The Ngondro practice is very important for purifying negative karma and to generate wisdom. Actually, our main practice is Mahamudra, but you cannot practice Mahamudra without the purification or the blessing. In this context, the “Preliminary Practices” are most essential.

You are in samsara now, and as long as you remain so, you will experience disturbing emotions. Otherwise, you would have already been enlightened. In the past, no matter where you were born, you had experienced various poisons of the mind. This is true regardless of whether you were in the higher realm of beings or whether you were born in the lower realms. Your present state is proof of that, because were it different, you would not be experiencing the disturbing emotions now.

So long as these disturbing emotions are in you, you are accumulating negative karma. However, it is not as if a certain karma was accumulated, it would then ripen to give a certain result, and afterwards, that karma would disappear completely. And that the only karma left in us now is what has caused this present human life. No, you have millions of different karma built up from many past lives. In addition, you are continuing to create much new karma through your thoughts, speech and actions everyday. Sometimes they are positive, sometimes negative. But unfortunately, they are most often negative. As humans, we are constantly involved in disturbing emotions which can never result in anything positive.

This does not mean that we should look down on ourselves. Rather, we should accept our present situation – this is our karma now, and it is preventing the wisdom from appearing. This wisdom is already there. It is the nature of our mind. However, our disturbing emotions cover it. From our disturbing emotions we create karma. The result for us is more samsara where we create more karma.

So the karma is very strong, and we have to weaken it by doing the “Preliminary Practices” until it cannot harm us any more. We practice the accumulation of merit through the Mandala-Offering, the third of the Ngondro practices. This will create in us all the necessary conditions to reach enlightenment.

When we are free of the karmic influences and have accumulated all the positive conditions, we can successfully begin the Mahamudra practice. If, however, after 111,111 repetitions of each of the four preliminaries, one realizes that no development has occurred, then one has to continue to work hard on the preliminaries in order to weaken the negative karma.

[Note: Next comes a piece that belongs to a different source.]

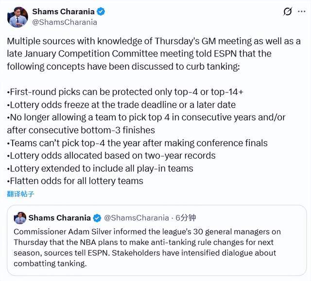 多位了解總經理會議及1月末競爭委員會會議的消息人士向ESPN表示,目前討論的反擺爛方案如下——

While practicing Ngondro, many good signs may appear. They are an indication that a result has been reached. But one should not have too many expectations regarding these signs. They should appear naturally as they cannot be artificially produced.

After practicing a lot of Ngondro, a student receives the Mahamudra teachings. It would not be very beneficial to teach him the Mahamudra before that because he would not be able to understand them precisely. The mind must be purified for that to happen.

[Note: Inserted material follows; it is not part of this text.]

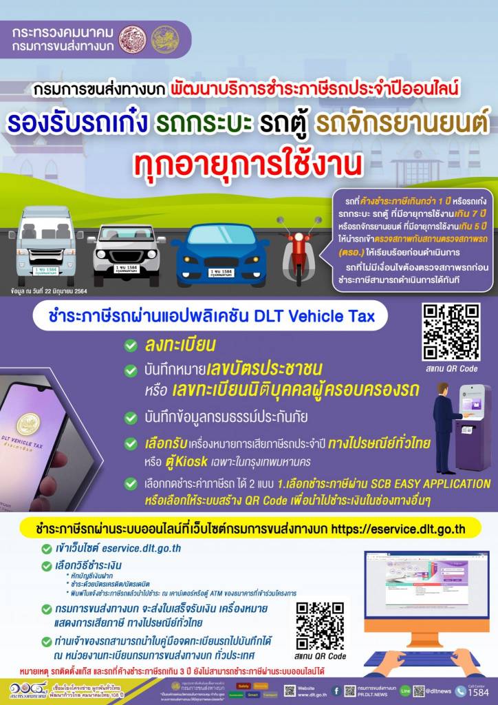 นางพรรณี พุ่มพันธ์ รองอธิบดีกรมการขนส่งทางบก เปิดเผยว่า เพื่อให้เป็นไปตามนโยบายกระทรวงคมนาคม นำโดยนายศักดิ์สยาม ชิดชอบ กรมการขนส่งทางบกมุ่งมั่นพัฒนาบริการชำระภาษีรถประจำปี ตามพระราชบัญญัติรถยนต์ พ.ศ. 2522 เพื่ออำนวยความสะดวกให้เจ้าของรถสามารถชำระภาษีรถประจำปีได้อย่างสะดวกและรวดเร็ว มีหลากหลายช่องทางในการให้บริการ โดยหนึ่งในช่องทางที่เป็นที่นิยมของเจ้าของรถในปัจจุบัน คือ การชำระภาษีรถประจำปีออนไลน์ ซึ่งเดิมระบบออนไลน์จะรองรับเฉพาะรถที่ไม่ต้องผ่านการตรวจสภาพเท่านั้น ส่งผลให้ที่ผ่านมาเจ้าของรถเก๋ง รถกระบะ รถตู้ ที่มีอายุการใช้งานเกิน 7 ปี หรือรถจักรยานยนต์ที่มีอายุการใช้งานเกิน 5 ปี ต้องเลือกใช้บริการผ่านช่องทางอื่นแทน ทั้งนี้ ปัจจุบันกรมการขนส่งทางบกได้พัฒนาช่องทางชำระภาษีรถประจำปีออนไลน์ให้รองรับรถยนต์และรถจักรยานยนต์ตามพระราชบัญญัติรถยนต์ พ.ศ. 2522 ได้ทุกอายุการใช้งานแล้ว เป็นการยกระดับการให้บริการประชาชนได้ครอบคลุมยิ่งขึ้น โดยเจ้าของรถสามารถชำระภาษีรถออนไลน์ ได้ที่ เว็บไซต์กรมการขนส่งทางบก https://eservice.dlt.go.th หรือผ่านแอปพลิเคชัน DLT Vehicle Tax กรณีเป็นรถที่ค้างชำระภาษีเกินกว่า 1 ปี หรือรถเก๋ง รถกระบะ รถตู้ ที่มีอายุการใช้งานเกิน 7 ปี หรือรถจักรยานยนต์ที่มีอายุการใช้งานเกิน 5 ปี ให้นำรถเข้าตรวจสภาพกับสถานตรวจสภาพรถ (ตรอ.) ให้เรียบร้อยก่อนดำเนินการ ส่วนรถที่ไม่มีเงื่อนไขต้องตรวจสภาพรถก่อนชำระภาษีสามารถดำเนินการได้ทันที บริการออนไลน์ดังกล่าวอำนวยความสะดวกสามารถชำระภาษีรถประจำปีล่วงหน้าได้ภายใน 90 วัน ก่อนวันที่ภาษีรถสิ้นอายุ โดยเลือกชำระเงินผ่าน e-Banking บัตรเครดิต บัตรเดบิต เคาน์เตอร์ธนาคารหรือสถาบันการเงินที่เข้าร่วมโครงการ ทำให้ไม่ต้องเดินทางมาที่สำนักงานขนส่ง อยู่ที่ไหนก็สามารถชำระภาษีรถประจำปีได้ รอรับเครื่องหมายการเสียภาษีและใบเสร็จรับเงินทางไปรษณีย์ ภายใน 5 วันทำการ นับจากวันชำระเงิน อย่างไรก็ตาม บริการชำระภาษีรถออนไลน์ยังมีข้อจำกัดสำหรับรถบางประเภท เช่น รถติดตั้งแก๊ส และรถที่ค้างชำระภาษีรถเกิน 3 ปี ยังไม่สามารถชำระภาษีผ่านระบบออนไลน์ได้

As well, the more profound aspects of Mahamudra are also not taught too early on, as the student would not be able to appreciate them at a later time. When one has not understood the precise meaning, and yet has heard a lot about it then it would become boring to him. The effect of the meaning would be lost to him. For this reason, great masters like Milarepa, and Gampopa had transmitted the Mahamudra teachings only in a very restricted manner.

It has been said that the Preliminary Practices are more profound and more important than the main practice. This is because Ngondro creates the necessary conditions for the Mahamudra practice. Mahamudra enables you to reach enlightenment within one moment, but in order to do so, first, you need the proper conditions.

By doing the Ngondro practice you turn yourself into a “qualified practitioner”. However, this does not mean that when you are finished then you are fully qualified. In addition to that, you need a good understanding of the Dharma. For instance you should know very well the teachings about the qualities of the Buddha nature. This subject is explained in the Uttaratantrashastra, Gju Lama in Tibetan. Other important texts that you should study are: The Distinction Between Consciousness and Wisdom (tib: Nam-she Yeshe) and “Showing the Essence of the Buddha Nature” (tib: Nyingpo Tenpa) [both texts were written by the third Karmapa Rangjung Dorje]. The Nyingpo Tenpa is a shorter version of the Gju Lama.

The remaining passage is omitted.